О характере первоначального замысла пушкинской пьесы, поскольку от него до нас, кроме названия, ничего не дошло, судить сколько-нибудь определенно мы не имеем никакой возможности. Есть все основания считать, что от момента своего возникновения до написания пьесы ее первоначальный замысел не только сохранялся, но и развивался в творческом сознании Пушкина, приобретая для него все более актуальное значение в связи и с его личными биографическими обстоятельствами, и с настойчивыми и тягостными раздумьями о трагическом положении поэта в современной ему подекабрьской действительности и еще шире – в условиях «века-торгаша». Недаром из дальнейшего анализа мы убедимся в несомненной связи пьесы с циклом пушкинских стихов о поэте и толпе. Как и во всяком подлинно художественном произведении, тем более таком великом, как это создание Пушкина, образы его получили широчайшее обобщающее значение. Подняты были в нем поэтом и важнейшие эстетические и этические проблемы. Но вместе с тем безусловно одно. Пушкин, когда он и задумывал и писал свою пьесу, строил ее на конкретном жизненном случае, в реальность которого твердо верил, и, главное, был безусловно убежден в виновности Сальери. Об этом непреложно свидетельствует ряд фактов.
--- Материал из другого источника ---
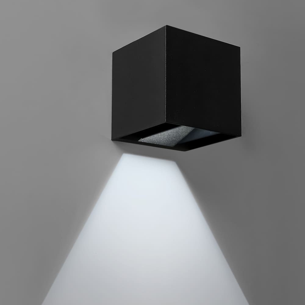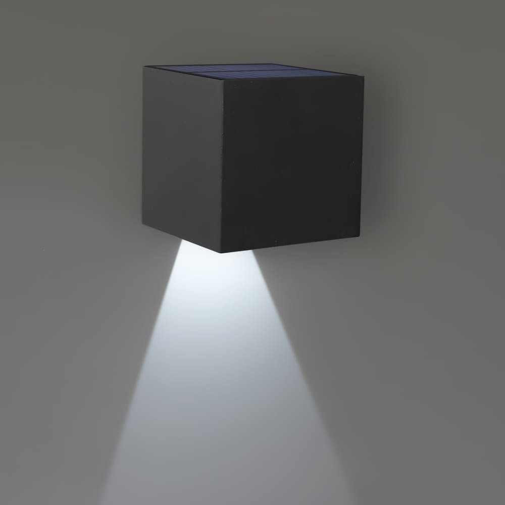 Aplique de pared LED Open con panel solar. Este aplique de forma de cubo es muy práctico para iluminar zonas de paso en jardines, porches y terrazas. Puedes ajustar el ángulo de apertura de la luz (0º-120º) y cuenta con un sensor de movimiento con dos configuraciones. La batería del aplique se carga con la luz del sol gracias al panel solar situado en la parte superior. Fabricado en aluminio color gris antracita.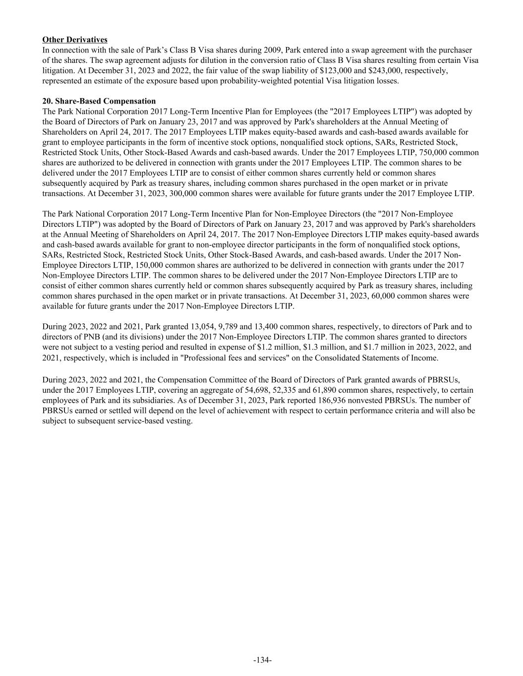 Other Derivatives In connection with the sale of Park’s Class B Visa shares during 2009, Park entered into a swap agreement with the purchaser of the shares. The swap agreement adjusts for dilution in the conversion ratio of Class B Visa shares resulting from certain Visa litigation. At December 31, 2023 and 2022, the fair value of the swap liability of $123,000 and $243,000, respectively, represented an estimate of the exposure based upon probability-weighted potential Visa litigation losses. 20. Share-Based Compensation The Park National Corporation 2017 Long-Term Incentive Plan for Employees (the "2017 Employees LTIP") was adopted by the Board of Directors of Park on January 23, 2017 and was approved by Park's shareholders at the Annual Meeting of Shareholders on April 24, 2017. The 2017 Employees LTIP makes equity-based awards and cash-based awards available for grant to employee participants in the form of incentive stock options, nonqualified stock options, SARs, Restricted Stock, Restricted Stock Units, Other Stock-Based Awards and cash-based awards. Under the 2017 Employees LTIP, 750,000 common shares are authorized to be delivered in connection with grants under the 2017 Employees LTIP. The common shares to be delivered under the 2017 Employees LTIP are to consist of either common shares currently held or common shares subsequently acquired by Park as treasury shares, including common shares purchased in the open market or in private transactions. At December 31, 2023, 300,000 common shares were available for future grants under the 2017 Employee LTIP. The Park National Corporation 2017 Long-Term Incentive Plan for Non-Employee Directors (the "2017 Non-Employee Directors LTIP") was adopted by the Board of Directors of Park on January 23, 2017 and was approved by Park's shareholders at the Annual Meeting of Shareholders on April 24, 2017. The 2017 Non-Employee Directors LTIP makes equity-based awards and cash-based awards available for grant to non-employee director participants in the form of nonqualified stock options, SARs, Restricted Stock, Restricted Stock Units, Other Stock-Based Awards, and cash-based awards. Under the 2017 Non- Employee Directors LTIP, 150,000 common shares are authorized to be delivered in connection with grants under the 2017 Non-Employee Directors LTIP. The common shares to be delivered under the 2017 Non-Employee Directors LTIP are to consist of either common shares currently held or common shares subsequently acquired by Park as treasury shares, including common shares purchased in the open market or in private transactions. At December 31, 2023, 60,000 common shares were available for future grants under the 2017 Non-Employee Directors LTIP. During 2023, 2022 and 2021, Park granted 13,054, 9,789 and 13,400 common shares, respectively, to directors of Park and to directors of PNB (and its divisions) under the 2017 Non-Employee Directors LTIP. The common shares granted to directors were not subject to a vesting period and resulted in expense of $1.2 million, $1.3 million, and $1.7 million in 2023, 2022, and 2021, respectively, which is included in "Professional fees and services" on the Consolidated Statements of Income. During 2023, 2022 and 2021, the Compensation Committee of the Board of Directors of Park granted awards of PBRSUs, under the 2017 Employees LTIP, covering an aggregate of 54,698, 52,335 and 61,890 common shares, respectively, to certain employees of Park and its subsidiaries. As of December 31, 2023, Park reported 186,936 nonvested PBRSUs. The number of PBRSUs earned or settled will depend on the level of achievement with respect to certain performance criteria and will also be subject to subsequent service-based vesting. -134-

Подобно тому как Пушкин объявил «Скупого рыцаря» переводом с несуществующего английского подлинника, он подумывал было «Моцарта и Сальери» также выдать не за оригинальное произведение, а за перевод.[338]338
«Рукою Пушкина», стр. 280.
[Закрыть] Однако намеченный им подзаголовок «с немецкого», что перекликалось бы со сделанной им в заметке о Сальери ссылкой на «немецкие журналы», он ставить не стал, тем самым принимая на себя всю полноту ответственности. Кроме того, из всех четырех маленьких трагедий первой – и относительно очень быстро – он отдал в печать именно «Моцарта и Сальери» (появилась в альманахе «Северные цветы на 1832 год», вышедшем в 1831 году, затем была перепечатана в третьей части отдельного издания «Стихотворений Александра Пушкина» в 1832 году; что касается остальных маленьких трагедий, – «Пир во время чумы» был впервые напечатан в 1832 году, «Скупой рыцарь» только в 1836-м, а «Каменный гость» лишь после смерти поэта, в 1839 году). Тогда же с согласия Пушкина «Моцарт и Сальери» был представлен в Петербургском Большом театре (первый раз 27 января 1832 года, повторно – 1 февраля). По сути дела, все это являлось публичным, можно сказать, всенародным страшным обвинением Сальери. И настойчиво выступать с таким обвинением Пушкин мог решиться лишь в том случае, если сам в этом не сомневался. Постичь «испытующим умом», каким образом мог такой человек, как Сальери, образ которого не только не принижен в пьесе, а, наоборот, исполнен огромной трагической силы, дойти до совершения чудовищного злодеяния – преступления в отношении не только одного человека, а, в сущности, и всего человечества, – в этом состояла художественная задача, поставленная перед собой поэтом. Проникновенный художественно-психологический анализ «бездны души» Сальери, снедаемого охватившей его бешеной завистью к гениальному Моцарту, и составляет основное содержание второй маленькой трагедии, едва ли не в большей степени, чем какое-либо другое произведение Пушкина, проникнутой высоким этическим пафосом.
* * *
Пушкинский Сальери в не меньшей мере, чем Скупой рыцарь, обладает теми чертами, которые, считал поэт, свойственны необычным преступникам, – крепостью духа, огромной силой воли, твердостью характера. Помимо того, он наделен большим умом, способностью глубоко чувствовать, незаурядным художественным дарованием. В то же время в еще большей степени он – индивидуалист-накопитель – является в своей сокровенной сути порождением «века-торгаша». Но «накопления» Сальери имеют иной, нематериальный характер. Кроме того, Моцарт ничем им не угрожает. И Моцарт внушает Сальери не опасения собственника, а другое, не менее жгучее чувство – зависть.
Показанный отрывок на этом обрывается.